Now imagine my surprise when, after joining the cast, I found the lads there - who have no affiliation or connection with the folks out in the Valley also play The Game, using precisely the same rules, and under the same moniker. It's made rehearsal not just hard work, but also fraught with danger. Everyone walks around guarding his genitals - even on stage, while performing. It's gotten out of control - so much so that I just started wearing a cup to rehearsal. This has had a surprisingly liberating effect - where once I might have sidled past a friend, or covered myself with a script or carefully draped sweatshirt - now I stand free and easy, with my groin proudly exposed to the world without fear. (Well, not quite exposed. You know what I mean.) There have been some notable incidents in The Game - like when Frank entered into the festivities with a flying leap death-from-above nutshot to Renee that caused the latter to fall to the ground, making a sound not unlike a baloons squealing as it deflates. This shot was over-the-top, certainly far more fierce than would normally be acceptable. However, no one did anything because A: it was his freebie, and B: it was funny.

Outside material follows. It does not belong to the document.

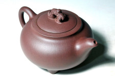 飽滿圓潤而精美的身影…,富生命力的動感…,及雕琢為美的壺鈕雕塑…,結合出迷人的景色…;別具特色…;有別於韓洪波所長的是…,壺嘴洞口周遭的特有潤飾手法,過渡與轉折之神妙讓人讚嘆,壺把隱現的小角度過渡手法,更是讓行家們大讚秀麗無雙也!
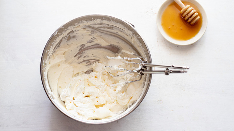 Peaches and cream — it's a timeless combination. After all, the sunny sweetness and soft texture of peaches make them perfect for pairing with a light, fluffy topping. And that's where honey whipped cream comes in. If you usually sweeten your cream with sugar, we urge you to make the switch to honey. It adds a distinct, delicate taste that enhances the richness of the cream to no end, and this simple homemade creation couldn't fit more seamlessly into a bowl of peach slices.

Whenever another cast member falls prey to the temptation and enters the fray, people excitedly whisper to each other, "Did you hear? X is in The Game!" It's like another democrat announcing his candidacy for 2008. (Vote for Davy!) I don't understand this phenomenon - and why it's considered socially acceptable. That doesn't stop me from participating, mind you. I've checked with friends back on the East Coast - so far this is entirely a West Coast phenomenon. Maybe that's for the best.